• _What the exercise asks_:
Nothing but the lines below from the one holding "BERDSEN Icemax je" up to and including the one holding "This example illustrates" should be copied, exactly and without pictures.

#####

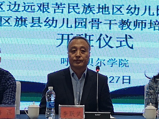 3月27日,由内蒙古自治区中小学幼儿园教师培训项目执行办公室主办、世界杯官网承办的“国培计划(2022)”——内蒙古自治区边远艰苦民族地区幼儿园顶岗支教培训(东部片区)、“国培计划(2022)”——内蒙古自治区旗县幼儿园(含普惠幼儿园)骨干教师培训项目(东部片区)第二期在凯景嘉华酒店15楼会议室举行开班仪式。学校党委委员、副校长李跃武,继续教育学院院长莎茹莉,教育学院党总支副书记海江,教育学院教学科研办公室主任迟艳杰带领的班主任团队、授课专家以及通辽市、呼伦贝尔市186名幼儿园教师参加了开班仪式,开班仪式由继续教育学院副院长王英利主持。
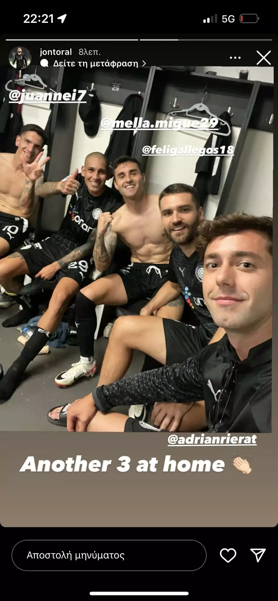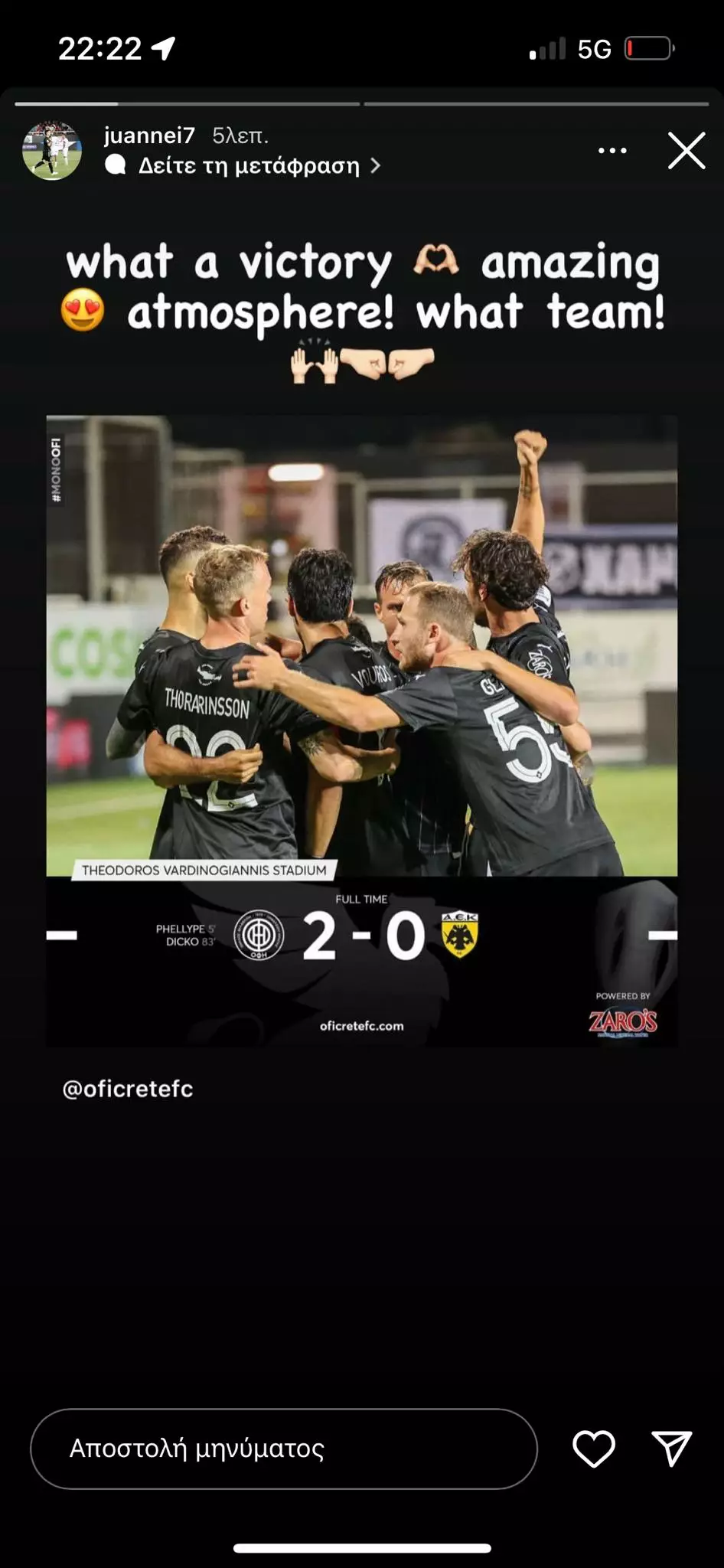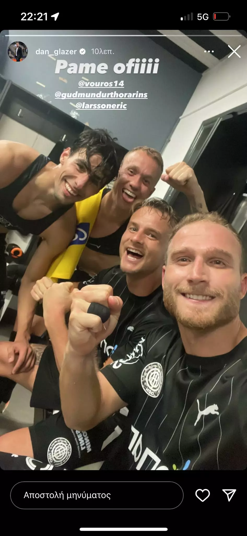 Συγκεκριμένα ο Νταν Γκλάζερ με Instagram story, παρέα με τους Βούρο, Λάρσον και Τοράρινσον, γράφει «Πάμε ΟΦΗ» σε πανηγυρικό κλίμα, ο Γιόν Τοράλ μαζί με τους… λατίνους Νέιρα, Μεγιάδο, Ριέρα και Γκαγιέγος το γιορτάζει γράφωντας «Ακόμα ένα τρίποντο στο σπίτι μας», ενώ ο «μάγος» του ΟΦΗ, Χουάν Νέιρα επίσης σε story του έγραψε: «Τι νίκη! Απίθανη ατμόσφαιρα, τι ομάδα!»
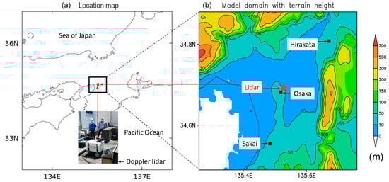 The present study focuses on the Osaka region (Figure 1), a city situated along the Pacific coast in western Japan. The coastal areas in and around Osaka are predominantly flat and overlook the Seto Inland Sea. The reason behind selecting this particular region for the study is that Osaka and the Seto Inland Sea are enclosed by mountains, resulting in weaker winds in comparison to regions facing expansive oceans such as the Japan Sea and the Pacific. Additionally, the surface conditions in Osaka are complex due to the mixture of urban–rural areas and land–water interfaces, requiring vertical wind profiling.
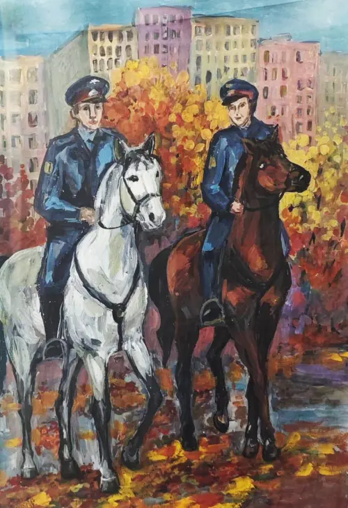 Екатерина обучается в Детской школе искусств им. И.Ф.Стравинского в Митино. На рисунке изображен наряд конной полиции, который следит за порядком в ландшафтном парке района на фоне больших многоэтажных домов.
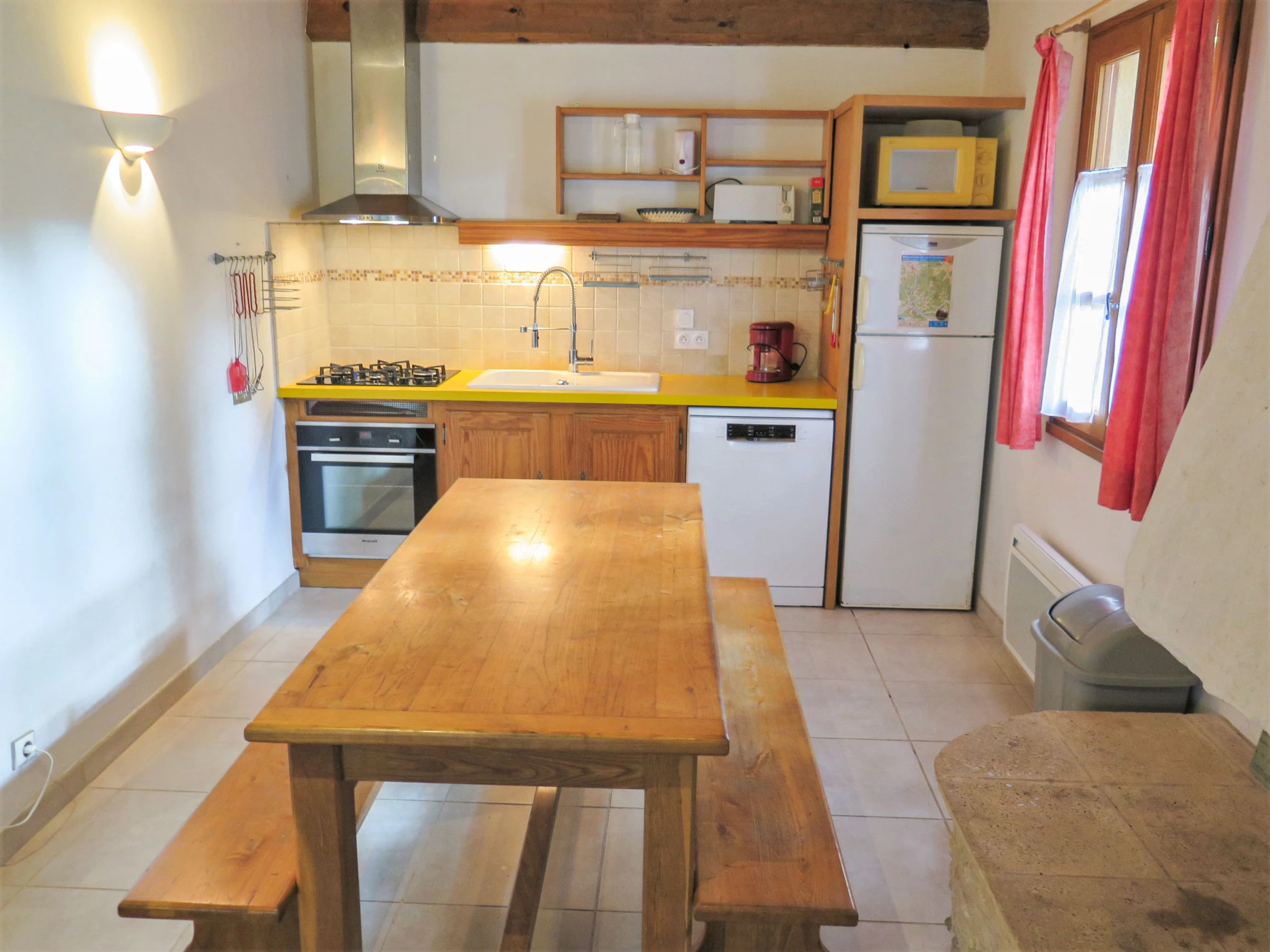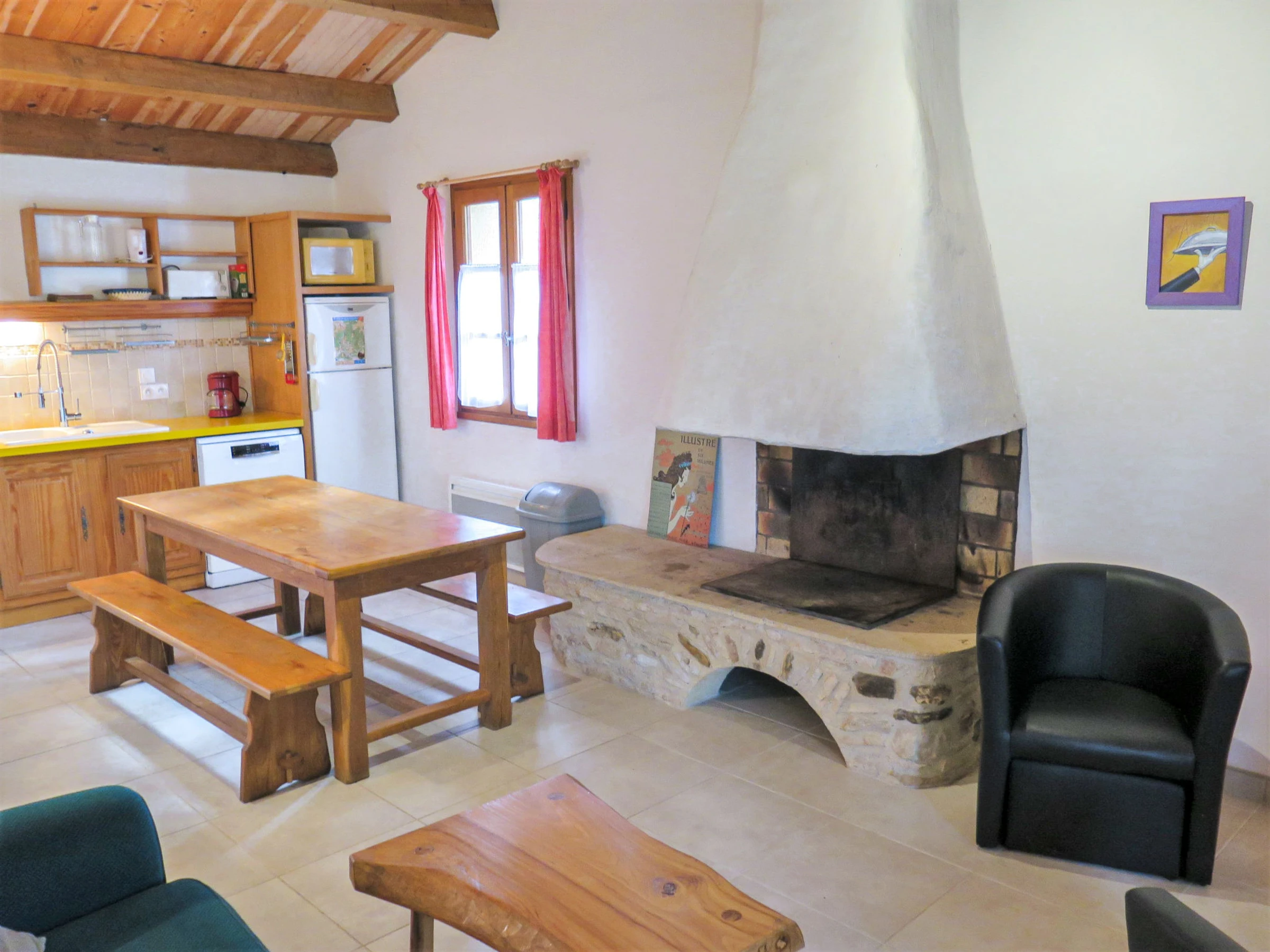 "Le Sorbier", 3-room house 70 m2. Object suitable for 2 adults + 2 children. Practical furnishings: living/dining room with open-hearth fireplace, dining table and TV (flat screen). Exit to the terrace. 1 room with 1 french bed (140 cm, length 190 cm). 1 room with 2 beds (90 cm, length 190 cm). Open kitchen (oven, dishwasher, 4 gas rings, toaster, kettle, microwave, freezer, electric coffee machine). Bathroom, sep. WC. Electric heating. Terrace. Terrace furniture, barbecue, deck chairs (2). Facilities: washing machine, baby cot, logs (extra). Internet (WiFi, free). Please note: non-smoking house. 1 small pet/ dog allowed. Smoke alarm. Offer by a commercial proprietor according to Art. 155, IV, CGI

#####

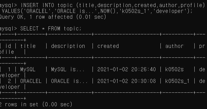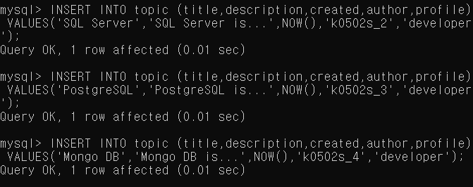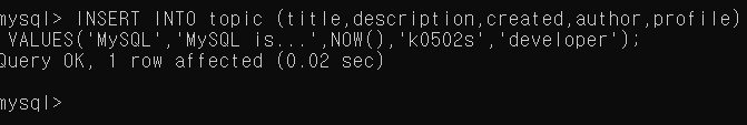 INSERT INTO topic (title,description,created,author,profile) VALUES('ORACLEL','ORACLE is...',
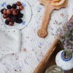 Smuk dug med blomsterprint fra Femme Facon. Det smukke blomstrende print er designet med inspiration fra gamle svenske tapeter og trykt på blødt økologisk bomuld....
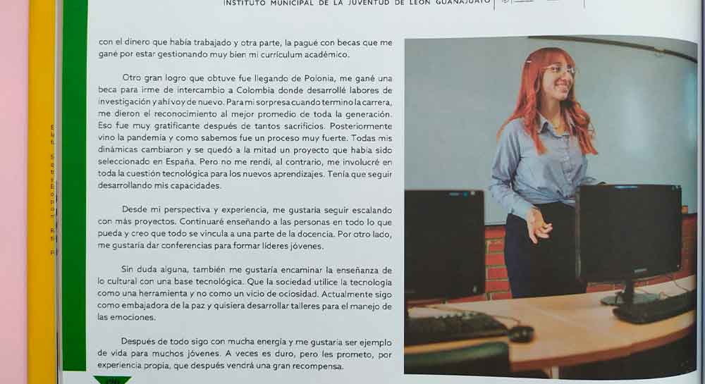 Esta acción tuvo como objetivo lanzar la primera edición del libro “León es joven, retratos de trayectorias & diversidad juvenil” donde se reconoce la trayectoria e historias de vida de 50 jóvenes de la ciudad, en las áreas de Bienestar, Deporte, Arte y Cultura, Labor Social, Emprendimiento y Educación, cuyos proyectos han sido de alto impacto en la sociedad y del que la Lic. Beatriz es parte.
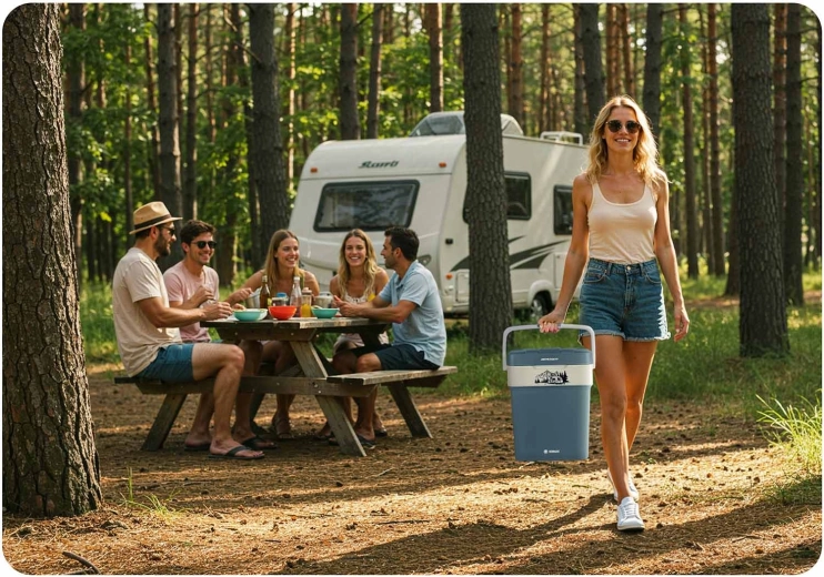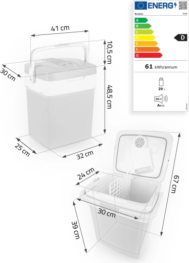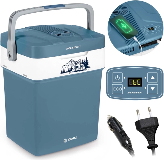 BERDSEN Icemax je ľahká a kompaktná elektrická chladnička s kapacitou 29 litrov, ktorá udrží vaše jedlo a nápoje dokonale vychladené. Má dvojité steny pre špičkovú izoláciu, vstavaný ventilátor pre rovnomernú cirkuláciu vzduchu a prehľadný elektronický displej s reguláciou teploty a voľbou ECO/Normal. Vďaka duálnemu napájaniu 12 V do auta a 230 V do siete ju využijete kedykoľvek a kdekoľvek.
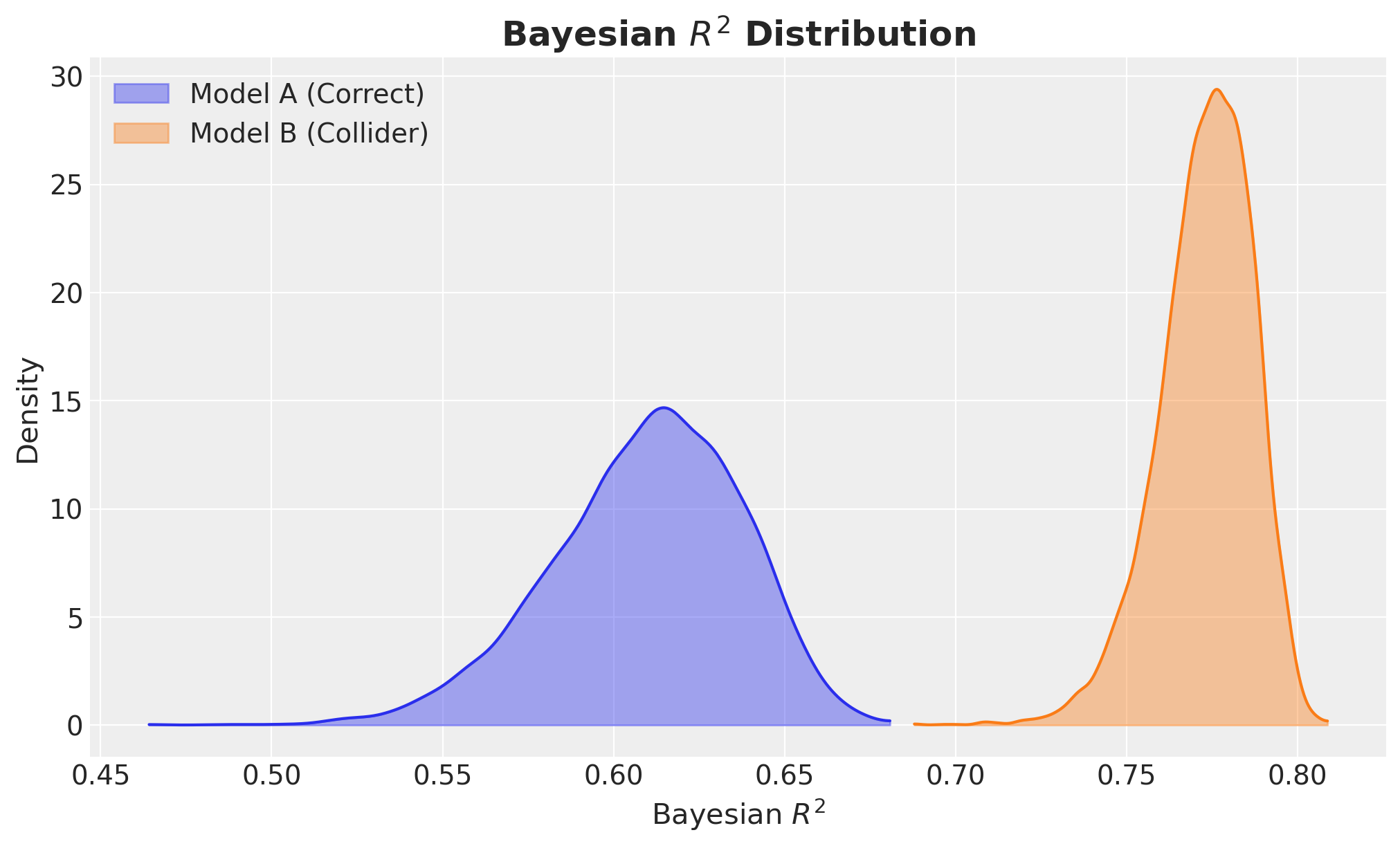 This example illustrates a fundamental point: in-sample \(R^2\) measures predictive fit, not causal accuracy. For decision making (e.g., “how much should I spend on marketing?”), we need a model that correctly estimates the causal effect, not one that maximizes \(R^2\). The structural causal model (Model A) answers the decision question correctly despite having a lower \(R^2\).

#####

• _Answer below_:
 BERDSEN Icemax je ľahká a kompaktná elektrická chladnička s kapacitou 29 litrov, ktorá udrží vaše jedlo a nápoje dokonale vychladené. Má dvojité steny pre špičkovú izoláciu, vstavaný ventilátor pre rovnomernú cirkuláciu vzduchu a prehľadný elektronický displej s reguláciou teploty a voľbou ECO/Normal. Vďaka duálnemu napájaniu 12 V do auta a 230 V do siete ju využijete kedykoľvek a kdekoľvek.
 This example illustrates a fundamental point: in-sample \(R^2\) measures predictive fit, not causal accuracy. For decision making (e.g., “how much should I spend on marketing?”), we need a model that correctly estimates the causal effect, not one that maximizes \(R^2\). The structural causal model (Model A) answers the decision question correctly despite having a lower \(R^2\).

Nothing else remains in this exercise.